**Task:** Leaving out the pictures, reproduce each record exactly and in full.

──────────

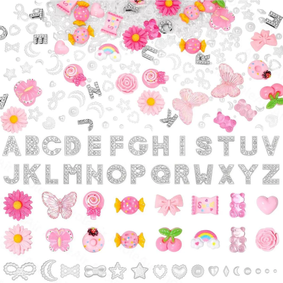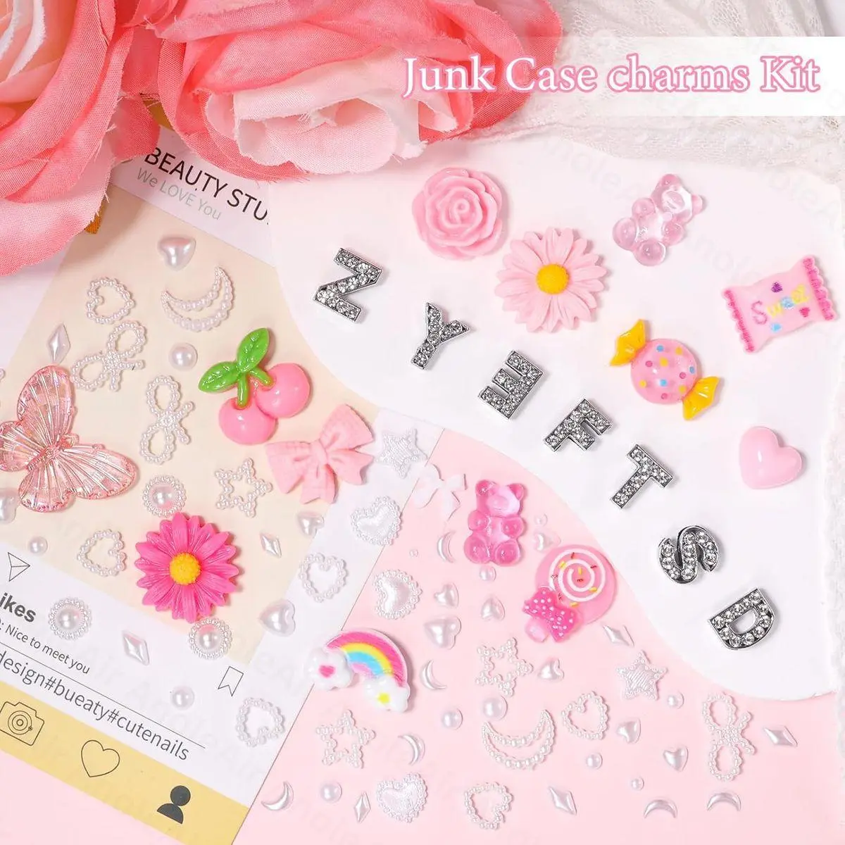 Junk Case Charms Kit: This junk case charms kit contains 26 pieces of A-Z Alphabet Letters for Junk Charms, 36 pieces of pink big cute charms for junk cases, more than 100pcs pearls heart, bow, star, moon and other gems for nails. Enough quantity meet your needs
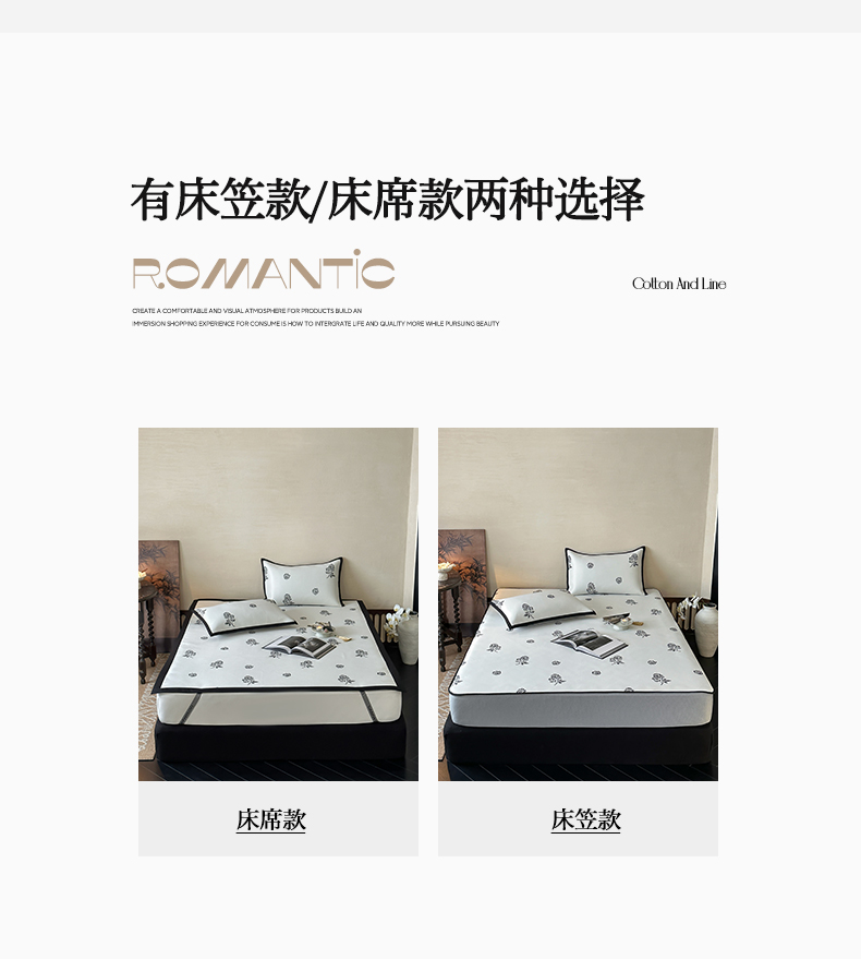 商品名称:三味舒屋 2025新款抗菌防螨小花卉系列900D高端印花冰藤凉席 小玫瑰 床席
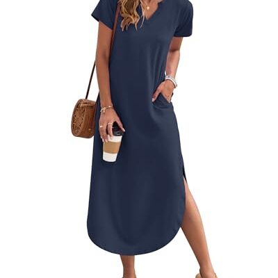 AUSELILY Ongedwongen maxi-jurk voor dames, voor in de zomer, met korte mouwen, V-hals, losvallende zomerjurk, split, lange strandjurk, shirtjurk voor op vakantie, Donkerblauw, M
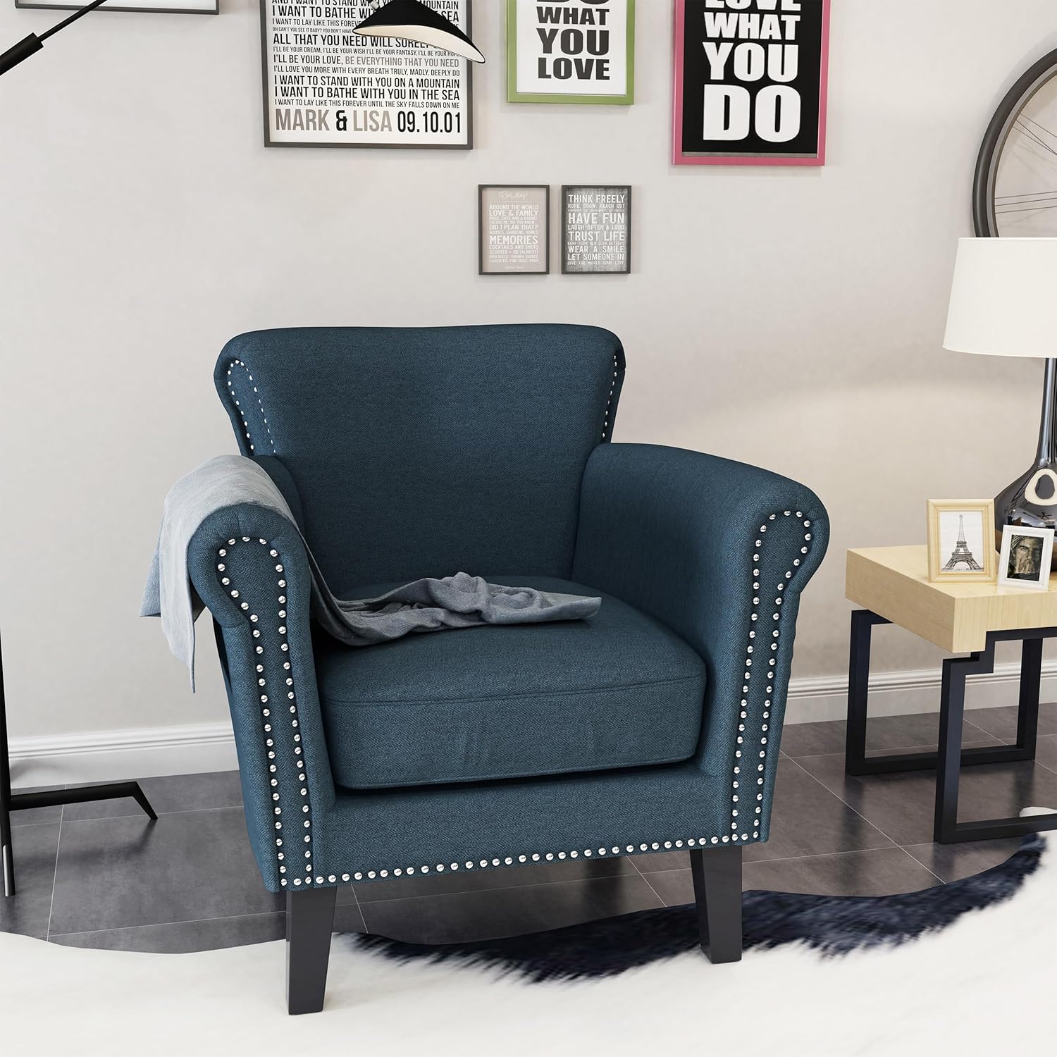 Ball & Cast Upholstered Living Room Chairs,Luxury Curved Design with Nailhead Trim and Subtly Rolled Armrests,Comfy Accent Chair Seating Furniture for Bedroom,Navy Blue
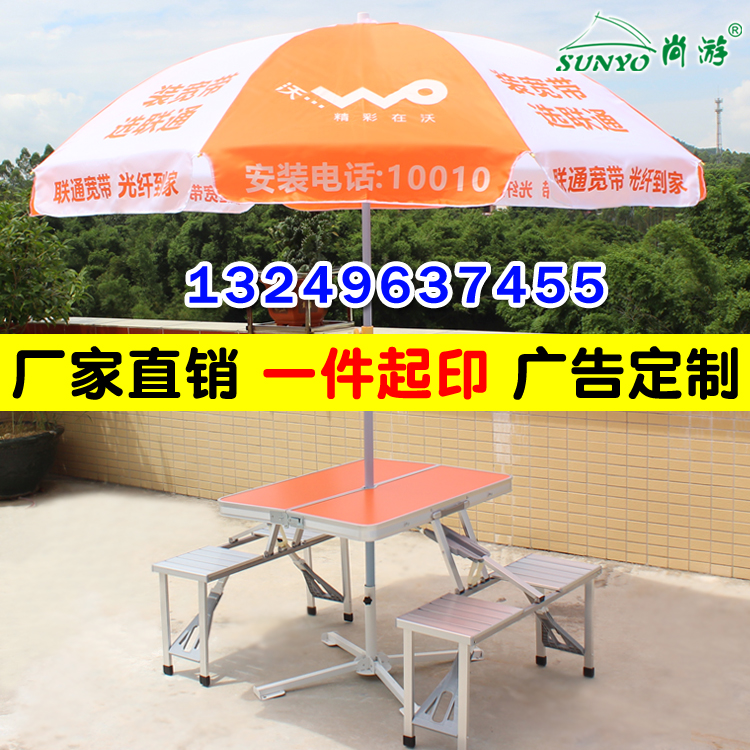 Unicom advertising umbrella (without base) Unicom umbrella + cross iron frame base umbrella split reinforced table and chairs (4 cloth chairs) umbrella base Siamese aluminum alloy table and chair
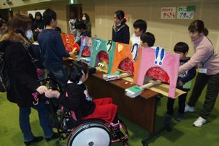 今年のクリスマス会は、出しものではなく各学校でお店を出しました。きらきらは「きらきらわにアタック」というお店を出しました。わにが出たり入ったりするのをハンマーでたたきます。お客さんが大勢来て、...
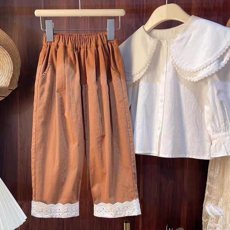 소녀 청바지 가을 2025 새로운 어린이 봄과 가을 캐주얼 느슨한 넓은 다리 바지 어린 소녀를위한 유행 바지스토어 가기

──────────

**Your solution:**
 Junk Case Charms Kit: This junk case charms kit contains 26 pieces of A-Z Alphabet Letters for Junk Charms, 36 pieces of pink big cute charms for junk cases, more than 100pcs pearls heart, bow, star, moon and other gems for nails. Enough quantity meet your needs
 商品名称:三味舒屋 2025新款抗菌防螨小花卉系列900D高端印花冰藤凉席 小玫瑰 床席
 AUSELILY Ongedwongen maxi-jurk voor dames, voor in de zomer, met korte mouwen, V-hals, losvallende zomerjurk, split, lange strandjurk, shirtjurk voor op vakantie, Donkerblauw, M
 Ball & Cast Upholstered Living Room Chairs,Luxury Curved Design with Nailhead Trim and Subtly Rolled Armrests,Comfy Accent Chair Seating Furniture for Bedroom,Navy Blue
 Unicom advertising umbrella (without base) Unicom umbrella + cross iron frame base umbrella split reinforced table and chairs (4 cloth chairs) umbrella base Siamese aluminum alloy table and chair
 今年のクリスマス会は、出しものではなく各学校でお店を出しました。きらきらは「きらきらわにアタック」というお店を出しました。わにが出たり入ったりするのをハンマーでたたきます。お客さんが大勢来て、...
 소녀 청바지 가을 2025 새로운 어린이 봄과 가을 캐주얼 느슨한 넓은 다리 바지 어린 소녀를위한 유행 바지스토어 가기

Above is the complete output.